Sample trials for each condition of Experiments 1–3. a) In Experiments 1 and 3, participants performed 2 production tasks: producing descriptions of events depicted in naturalistic photographs (SProd), and producing names of unrelated, isolated objects depicted in separate photographs (WProd). In 2 control conditions, participants spoke or typed monosyllabic nonwords (NProd), and indicated whether events depicted in photographs took place indoors or outdoors (VisEvSem). Finally, participants performed 2 comprehension tasks: silently reading sentences (SComp) and word lists (WComp), mirroring the structure and content of target responses from the production trials (see Methods for details). For the production conditions, trials lasted 2,800 ms in Experiment 1 (spoken production) and were increased to 6,800 ms in Experiment 3 (typed production). b) In Experiment 2, participants performed the sentence and word production conditions (SProd, WProd) with a different set of materials.

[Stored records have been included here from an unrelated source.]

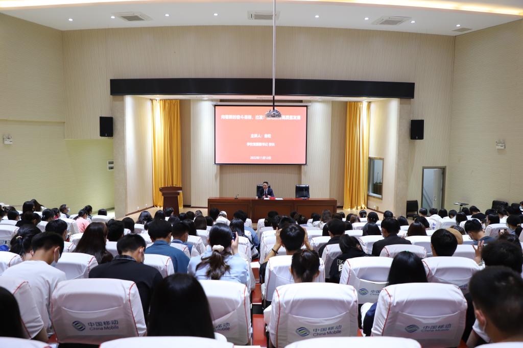 11月12日,学校党委副书记、校长俞松以《向着新的奋斗目标,出发!推动教育高质量发展》为题,宣讲党的二十大精神,并为学生讲授思想政治理论课,有关部门人员以及学生代表300余人参加活动。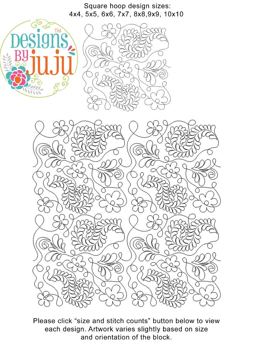 Please note: Both the scale of each pattern and arrangement of the motifs may vary based on the hoop size. Please click the "Size and Stitch Count" button to view the artwork for each size.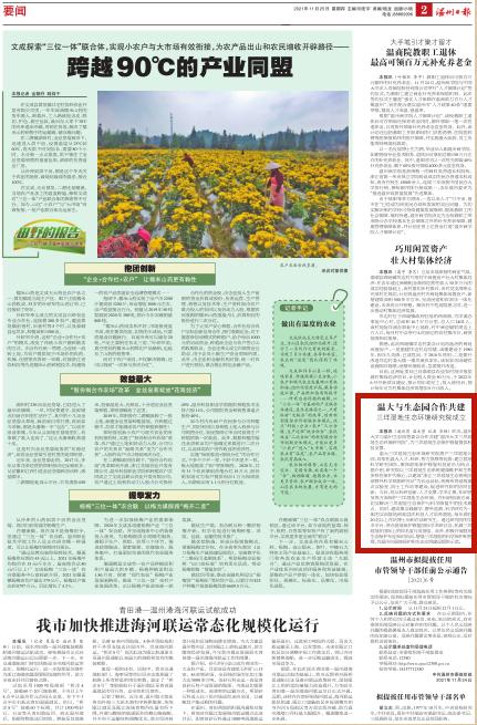 昨天,开云电子(中国)官方网站_开云电子(中国)官方网站与温州生态园管委会合作共建“开云电子(中国)官方网站_开云电子(中国)官方网站三垟湿地生态环境研究院”,为三垟湿地生态保护修复提供科技支撑。

In the word-list production (WProd) condition, participants viewed groups of 2, 3, or 4 photographs of inanimate objects (Fig. 1a-ii and b-ii) and were asked to name each object in the set (e.g. “accordion, ladder, apple”). The number of objects in each group (2–4) matched the number of content words in the target productions in the SProd condition. This condition targets word-level production planning and execution. To isolate the mental processes related to single-word production, photographs were manually grouped in a way that minimized semantic associations between the objects, to prevent participants from unintentionally forming phrases/clauses with the retrieved words.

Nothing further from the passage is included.